Maternal and paternal genomes contribute equally to the transcriptome of early plant embryos

Abstract

In animals, maternal gene products deposited into eggs regulate embryonic development before activation of the zygotic genome. In plants, an analogous period of prolonged maternal control over embryogenesis is thought to occur based on some gene-expression studies. However, other gene-expression studies and genetic analyses show that some transcripts must derive from the early zygotic genome, implying that the prevailing model does not fully explain the nature of zygotic genome activation in plants. To determine the maternal, paternal and zygotic contributions to the early embryonic transcriptome, we sequenced the transcripts of hybrid embryos from crosses between two polymorphic inbred lines of Arabidopsis thaliana and used single-nucleotide polymorphisms diagnostic of each parental line to quantify parental contributions. Although some transcripts seemed to be either inherited from primarily one parent or transcribed from imprinted loci, the vast majority of transcripts were produced in near-equal amounts from both maternal and paternal alleles, even during the initial stages of embryogenesis. Results of reporter experiments and analyses of transcripts from genes that are not expressed in sperm and egg indicate early and widespread zygotic transcription. Thus, in contrast to early animal embryogenesis, early plant embryogenesis is mostly under zygotic control.

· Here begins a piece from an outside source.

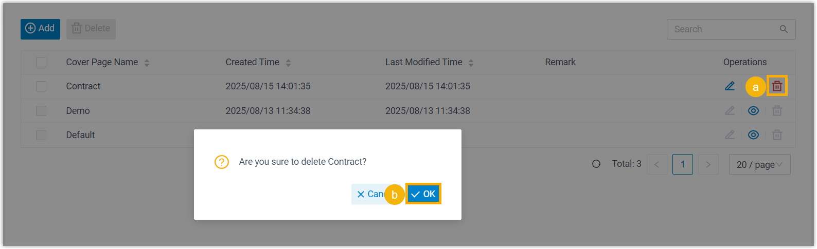 - Select the checkboxes of multiple cover pages, click Delete.

Figure 1. Maternal and paternal genomes contribute equally to the early embryonic transcriptome

a, Proportion of RNA-Seq reads overlapping maternal and paternal SNPs within transcribed regions of annotated genes. Drawings illustrate stages of isolated embryos, colored to represent the diversity of cell lineages in each stage. Pie charts show proportions of reads overlapping maternal and paternal SNPs. b, Distributions of maternal-to-paternal ratios (log₂) in 1-cell/2-cell (top), 8-cell (middle) and ~32-cell (bottom) embryos. Maternal-to-paternal ratios were calculated for transcripts that had ≥5 SNP-overlapping reads from the Col-0 × Cvi-0 crosses (green; n > 7,388 for each stage) or the Cvi-0 × Col-0 crosses (purple; n > 8,071 for each stage), and transcripts that had ≥5 SNP-overlapping reads from both reciprocal crosses (black; n > 6,892 for each stage). Binomial modeling determined the distributions expected for transcripts examined in both reciprocal crosses if there had been no parent-of-origin effects and no noise apart from stochastic counting variability (gray dashed lines).

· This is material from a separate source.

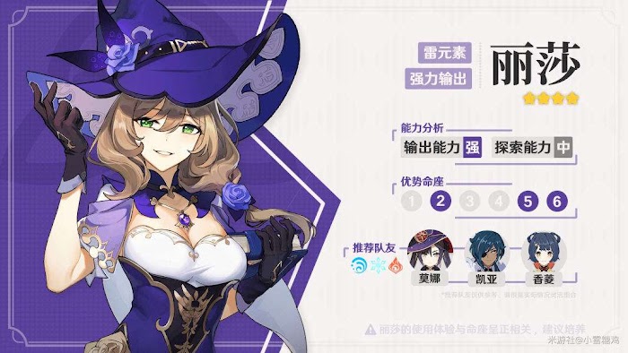 低命座麗莎輸出能力強於多數4星,滿命座麗莎值5星,推薦培養。

Figure 2. Maternally and paternally inherited transgenes are transcribed in the initial stages of embryogenesis

Confocal scanning laser microscopy images show early embryos from the indicated crosses, which were between plants with a transgenic reporter (pOp::GFP) and either plants without an activator (wild-type) or plants with a transgenic activator driven from either the RPS5A or the UBI3 promoter (pRPS5A::LhG4 or pUBI3::LhG4, respectively). Embryonic stages and the approximate number of hours after fertilization (HAF) are shown to the left. GFP signal is indicated by green nuclei, and background autofluorescence is shown in red. Embryos are outlined in white for clarity. Asterisks indicate endosperm nuclei. Of the seeds with GFP signal in endosperm (n in parentheses), the percentage that also had GFP signal in embryos is indicated below each image. In endosperm, expression from maternal alleles is expected to be two-fold higher than that from paternal alleles, but this difference is not observed in these images because the GFP signal in the endosperm was beyond its dynamic range. Scale bars represent 10 µm.

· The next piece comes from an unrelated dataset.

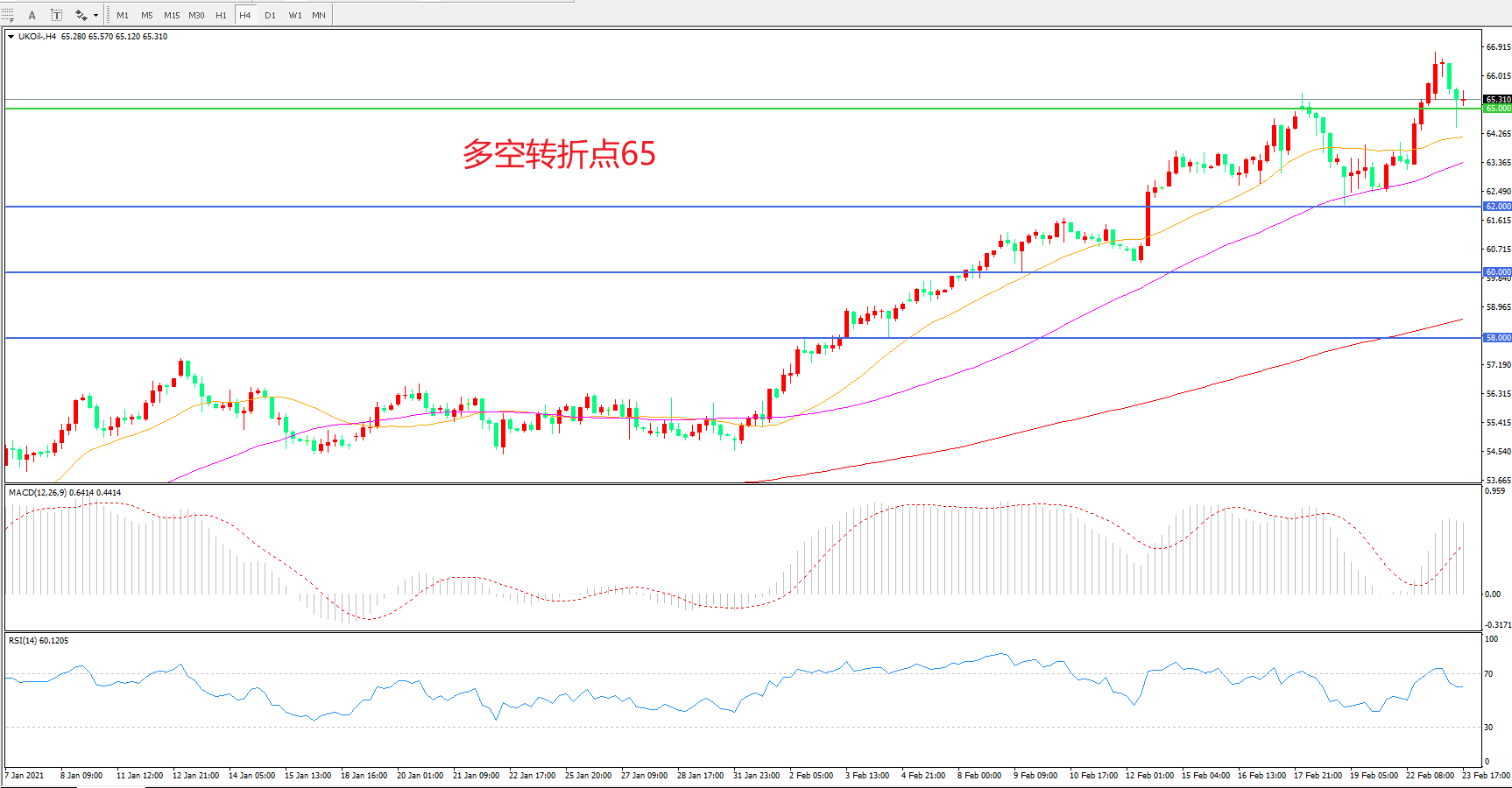 4小时图看,油价连续走高后出现调整,但整体依然表现强势,65美元形成下方支撑,均线系统呈多头排列,MACD红柱缩短,RSI指标走平,日内震荡上行概率较大。

Figure 3. Dozens of transcripts are preferentially inherited or preferentially expressed

a, Maternal-to-paternal ratios for transcripts in 1-cell/2-cell, 8-cell and ~32-cell embryos. Ratios for transcripts that had ≥8 SNP-overlapping reads in both the Col-0 × Cvi-0 and Cvi-0 × Col-0 crosses are plotted. Points, as well as the numbers, that passed cutoffs for maternally or paternally enriched transcripts (see text) are indicated in red and blue, respectively. b, Heat maps of both maternal-to-paternal ratios and changes in transcript levels for transcripts passing cutoffs as maternally (top) or paternally (bottom) enriched in at least one of the three stages. Maternal-to-paternal ratios are color-coded (key), unless the transcript had < 8 SNP-overlapping reads in one cross, in which case the corresponding heat-map value is not colored. Changes in the levels of a transcript (RPM) relative to its mean are color-coded (key). Numbers to the left indicate candidates for both preferential inheritance and preferential expression (1), preferential inheritance (2) or preferential expression (3). Numbers to the right highlight a subset of the class 2 transcripts, which had relatively high levels in 1-cell/2-cell embryos compared to ~32-cell embryos and thus potentially derived mainly from preferential inheritance (2A), or a subset of class 3 transcripts, which had relatively low levels in 1-cell/2-cell embryos compared to ~32-cell embryos and thus potentially derived mainly from parent-of-origin–specific transcription (3A).